Instability - or an acquired, excessive joint range of motion - is even more problematic. This is where folks will literally "blow out" their normal anatomy to acquire a desired range of motion. An example is the anterior shoulder capsule in throwers; they'll do whatever they can to get the arm back to help generate range-of-motion to support velocity production. Eventually, the shoulder can get so loose that the active restraints (rotator cuff and biceps tendon) can't effectively hold the ball on the socket, and pain occurs with throwing.

layback

In consideration of both laxity and instability, just because you can get to a position does not mean that you're sufficiently stable in that position.

5. Building and maintaining mobility is like managing a bank account.

It goes without saying that it's easier to maintain mobility than it is to lose it and get it back. Everyone uses the analogy of babies and young children having freaky range of motion and perfect squat patterns, but losing them as time progresses. The assumption is that this occurs because they "make enough deposits:" targeted mobility work and a wide variety of activities throughout their days. Certainly, this is an issue, but I'd argue that it's because of excessive withdrawals, too.

Withdrawals could be sports participation where eccentric stress or direct trauma to tissue beats them down. It could be lifestyle factors like alcohol or tobacco use that negatively impact tissue quality. It could be pushing through faulty movement patterns until bone spurs result. What we take out is just as important as what we put in.

We all start with some money in the bank as children, but it's up to us to have more deposits than withdrawals in this mobility account over the course of the lifespan.

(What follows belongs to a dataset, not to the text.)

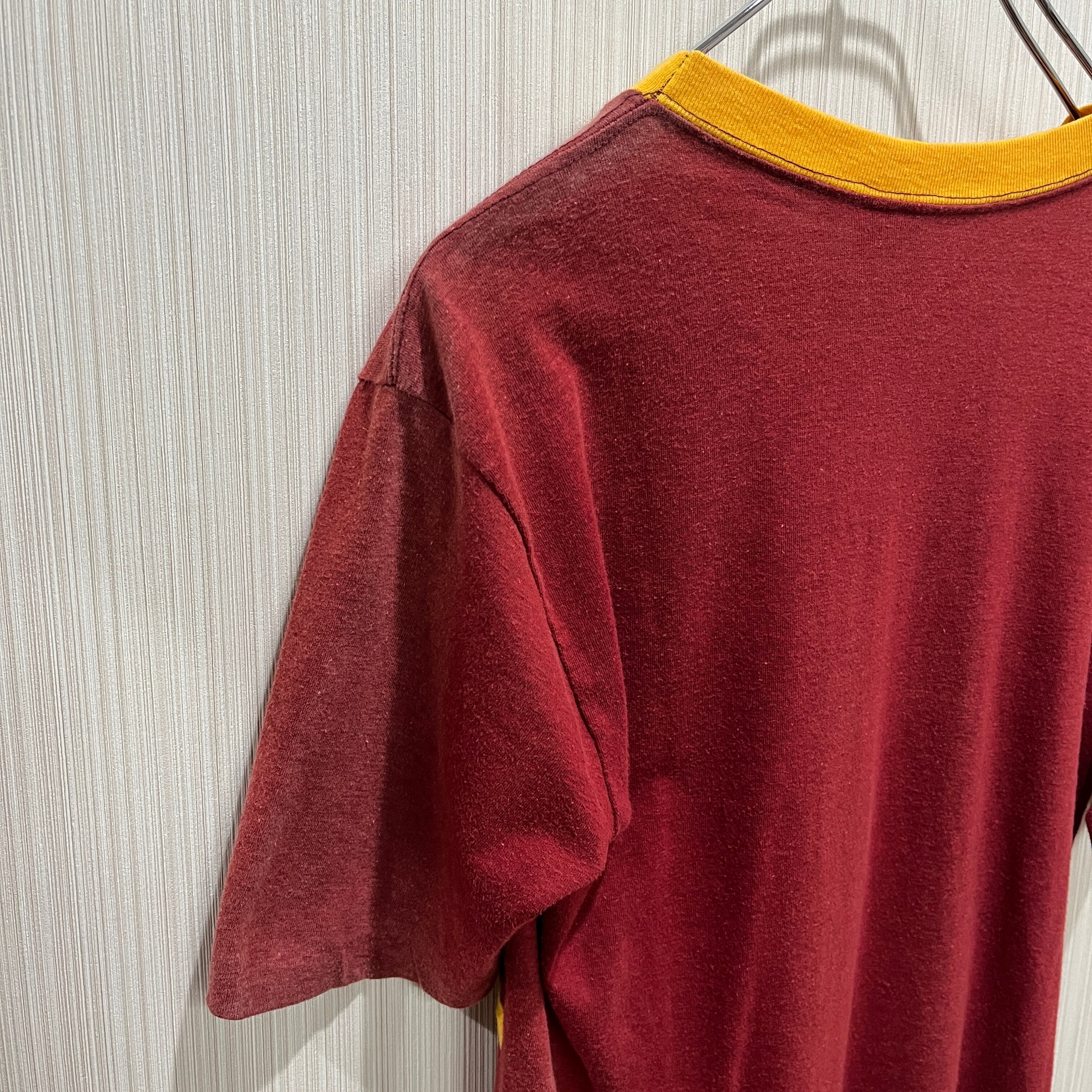 バーガンディカラーのKEYSTONE Tシャツ、ストライプデザイン、Mサイズ、ポリエステルとコットンの混合素材。
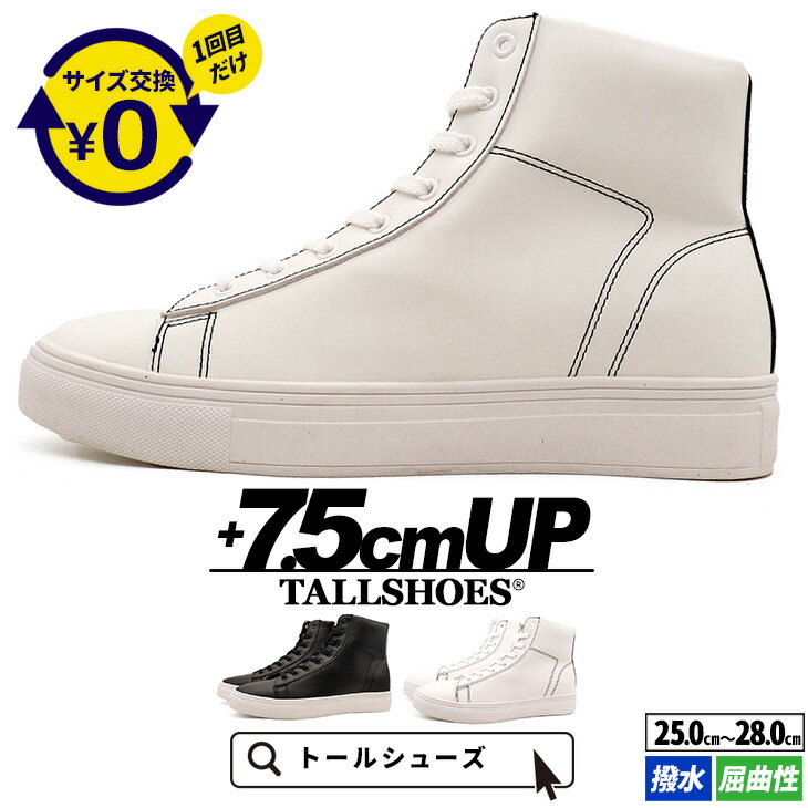 送料無料|TALLSHOES(トールシューズ)7.5cmUPハイカットスニーカー。サイドジッパー付きで着脱ラク。撥水×屈曲性で快適な履き心地。ブラック・ホワイト展開。モードにも映える

These are really just a few of many observations I've made over the years; there are countless more that could turn this article into an entire novel! With that said, if you're looking for an outstanding, up-to-date mobility resource at a great price, I'd recommend you check out Ruthless Mobility. Dean Somerset has put it on sale this week at an excellent introductory discount, and it also provides continuing education credits for the fitness professionals out there. Check it out HERE.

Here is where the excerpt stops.